2. The modified FIX polypeptide of claim 1, further comprising at least one amino acid replacements selected from among N313S-N267S; E323K-E277K; V326T-V280T; D338N-D292N; K339R-K293R; H361N-H315N; K362R-K316R; L367S-L321S; L366S-L320S;

V368I-V322I-V367I-V321I-F399Y-F353Y; and R404K-R358K.

3. The modified FIX polypeptide of claim 2, further comprising at least one amino acid replacement selected from among E323K-E277K; V326T-V280T; D338N-D292N; K339R-K293R;

K362R-K316R; and L367S-L321S.

4. The modified FIX polypeptide of claim 1, further comprising at least one amino acid replacements selected from among D232N-D186N; V243L-V197; V248I-V242I-V257I-V211I; I262V-I216V; V269I-V223I-T271P-T225P; E286K-E240K; H289P- H243P;

I299V-I253V; A308T-A262T.

5. The modified FIX polypeptide of claim 3, further comprising at least one amino acid replacements selected from among D338N-D292N; K362R-K316R; and L367S-L321S.

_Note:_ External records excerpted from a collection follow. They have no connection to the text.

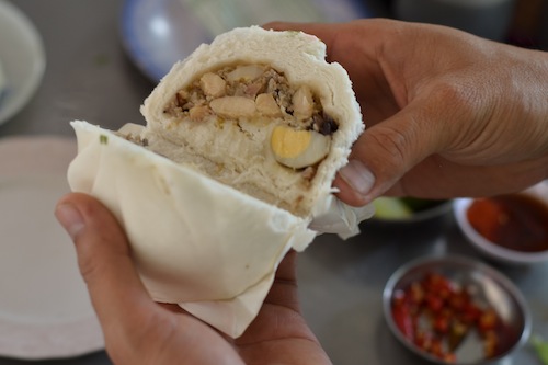 It’s a hefty package of meat and quail eggs encased in a fluffy flour casing, a bundle that’s known in Vietnam as banh bao.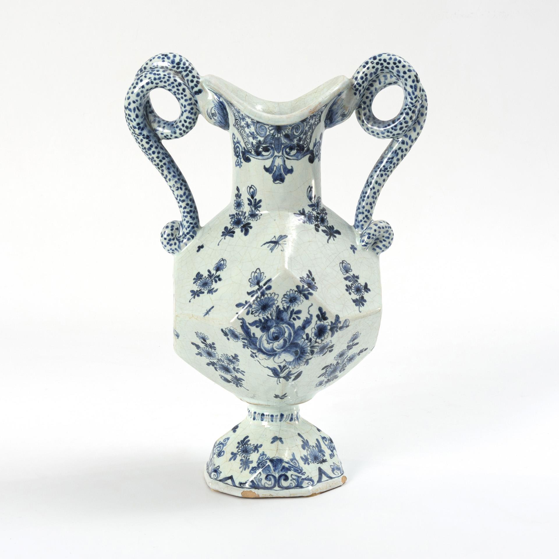 Sie befinden sich hier: Startseite Kategorien Keramik Außergewöhnliche Delfter Fayence-Schlangenhenkelvase mit facettiertem Korpus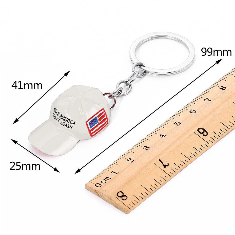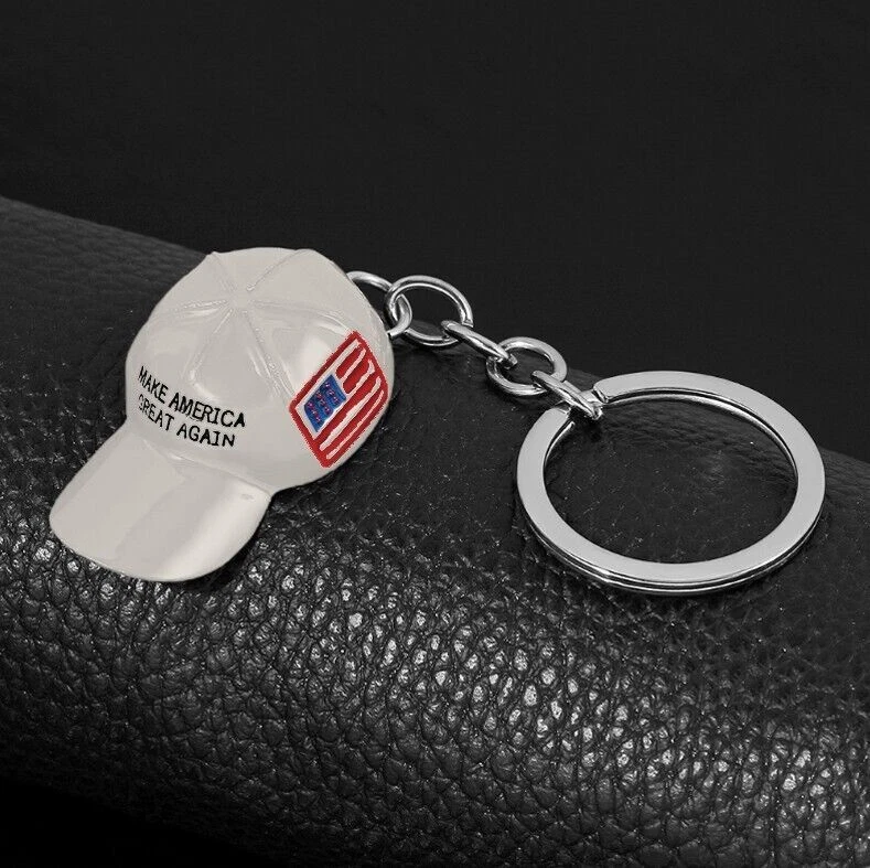 Show your support for Donald Trump with this MAGA Hat Keychain. Made of quality metal, this keychain features a beautiful American flag design that adds a touch of uniqueness to your keyring. The keychain is perfect for people who want to show their love for the United States of America and President Trump\\\\'s 2020 and 2024 presidential campaigns. It is an ideal gift for a Donald Trump fan! Add this to your collection today and show your support for President Trump! I will package well and ship right away. Thank you!

6. The modified FIX polypeptide of claim 3, further comprising at least one amino acid replacements selected from among R384E-R338E and R384L-R338L.

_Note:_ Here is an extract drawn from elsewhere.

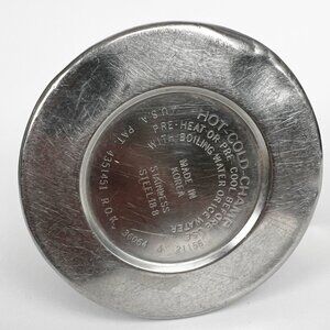 This vintage Champ Hot-Cold thermos is a rugged, vacuum-insulated bottle crafted from "unbreakable" stainless steel. The design includes a screw-on lid that functions as a drinking cup and a sturdy black carrying handle for portability. These durable flasks are popular collectible items but can also be restored and used. Lot of wear on this thermos as seen on the exterior with dings, the handle strap that has a cut in it, and the interior. Well loved with a lot of character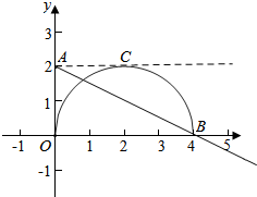 当k<0时,当直线经过点B(4,0)时,直线和半圆有2个交点,此时k=$\frac{2-0}{0-4}$=$-\frac{1}{2}$,

7. The modified FIX polypeptide of claim 1, wherein the unmodified FIX polypeptide consists of a sequence of amino acids set forth in any of SEQ ID NOS: 52 through 57.

8. The modified FIX polypeptide of claim 1 that comprises one or more modifications selected from a chemical modification or a post-translational modification, wherein the modified FIX polypeptide is glycosylated, carboxylated, hydroxylated, sulfated, phosphorylated, albuminated, or conjugated to a polyethylene glycol (PEG) moiety.

9. A pharmaceutical composition, comprising the modified FIX polypeptide of claim 1, in a pharmaceutically acceptable vehicle.

10. The pharmaceutical composition of claim 9 that is formulated for local, systemic, or topical administration.

11. The pharmaceutical composition of claim 9 that is formulated for oral, nasal, pulmonary, buccal, transdermal, subcutaneous, intraduodenal, enteral, parenteral, intravenous, or intramuscular administration.

12. The pharmaceutical composition of claim 9 that is formulated for controlled-release.

13. The pharmaceutical composition of claim 9 that is formulated for single-dosage administration.

14. The modified FIX polypeptide of claim 1 that is glycosylated.

15. The modified FIX polypeptide of claim 1 that is hyperglycosylated.

16. The modified FIX polypeptide of claim 1 that is a mature polypeptide.

17. The modified FIX polypeptide of claim 1 that is activated.

18. The modified FIX polypeptide of claim 1 that is a zymogen.

19. A method, comprising treating a subject by administering the pharmaceutical composition of claim 1, wherein the subject has a disease or condition that is treated by administration of FIX or a procoagulant.

20. The method of claim 19, wherein the disease or condition to be treated is selected from among blood coagulation disorders, hematologic disorders, hemorrhagic disorders, hemophilias, and bleeding disorders.